The city, which lies under a dreary veil of clouds these days, owes its unpopular nickname to the journalist and writer Roberto Saviano. Born in Naples in 1979, Saviano achieved his international breakthrough in 2006 with his factual novel about the entanglement of organized crime and political power in the southern Italian region of Campania and the metropolitan area of Naples. Saviano’s book is entitled “Gomorrah – Journey to the Economic Empire of the Camorra”. The Camorra is the mafia organization in Campania. Once upon a time, the mafias, which are rooted in southern Italy but have long been active internationally – in addition to the Camorra, the Cosa Nostra in Sicily, the ‘Ndrangheta in Calabria and the Sacra Corona Unita in Apulia – fought bloody battles over distribution. Today, they hardly dispute each other’s territories and business areas. You work side by side, sometimes with each other.

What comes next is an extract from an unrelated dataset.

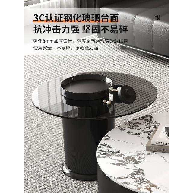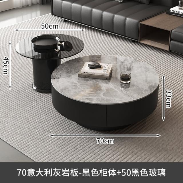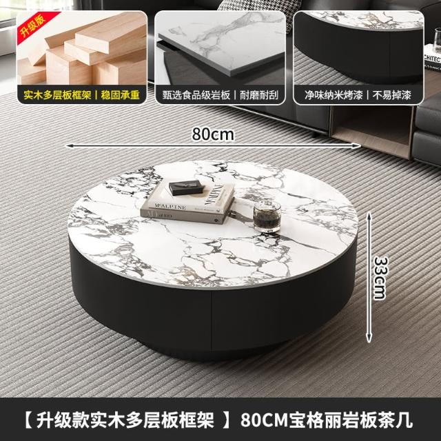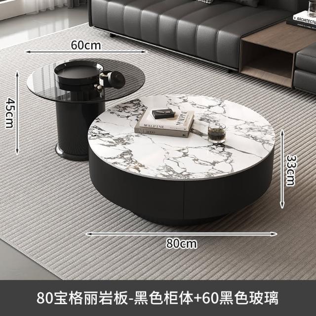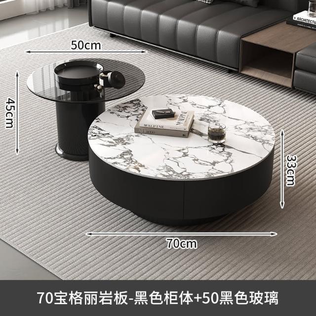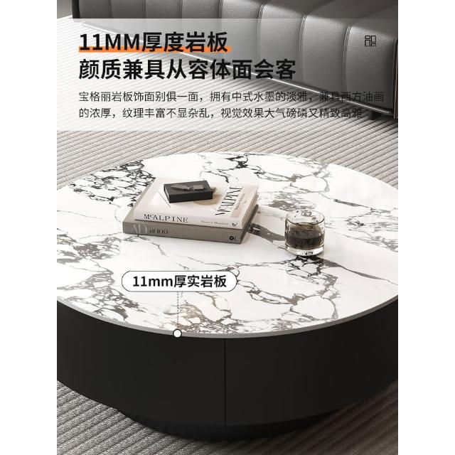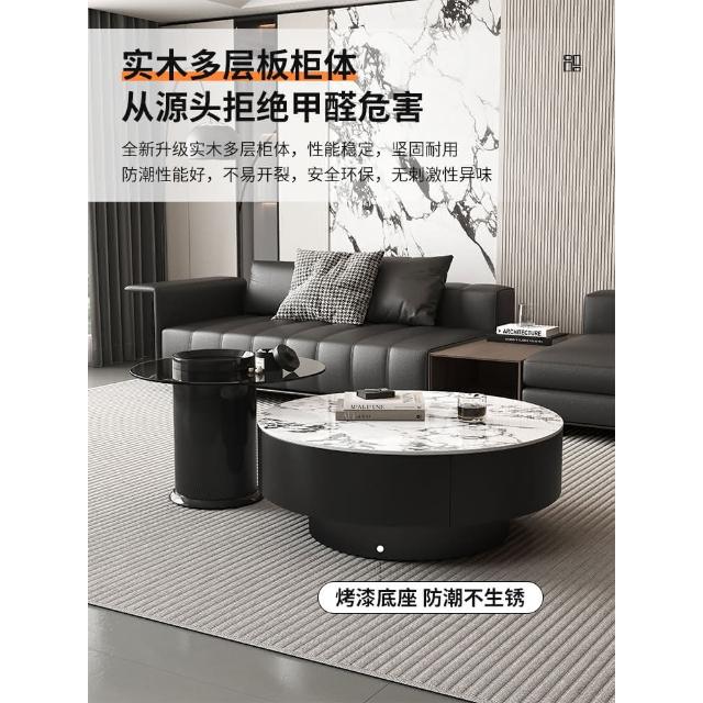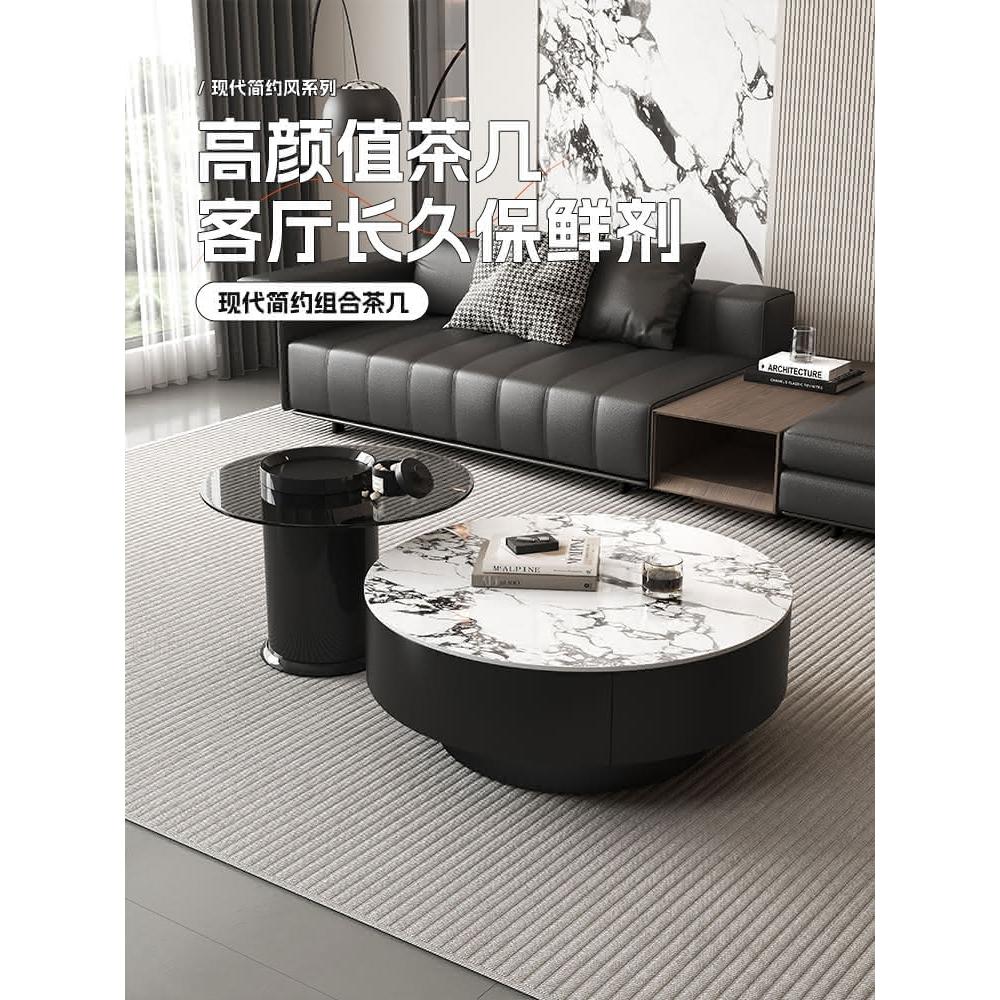 現代簡約岩板實木茶几小戶型客廳家用圓茶几桌輕奢高級感茶几組合

The clans didn’t like the book
For Saviano, his Gomorra-Camorra bestseller, which has now been translated into more than fifty languages and sold a good ten million copies worldwide, was both a blessing and a curse. He became rich and famous, but above all lonely, as he repeatedly laments. The clans did not like what Saviano divulged about them in detail in his book: about Europe’s largest drug hub in the run-down high-rise complex “Le Vele di Scampia”, about the bloody accounts of enemy Camorra families at the “Faida di Sampia” of 2004 and 2005, one Feuding Camorra families with daily murders in broad daylight. The writer, then 26 years old, received death threats. Since then, Saviano has been under police protection around the clock and has to constantly change his apartment. For friendships, for a partnership, there is hardly any room in his life of protected solitude. You have to believe Saviano when he says he often wished the Camorra had killed him.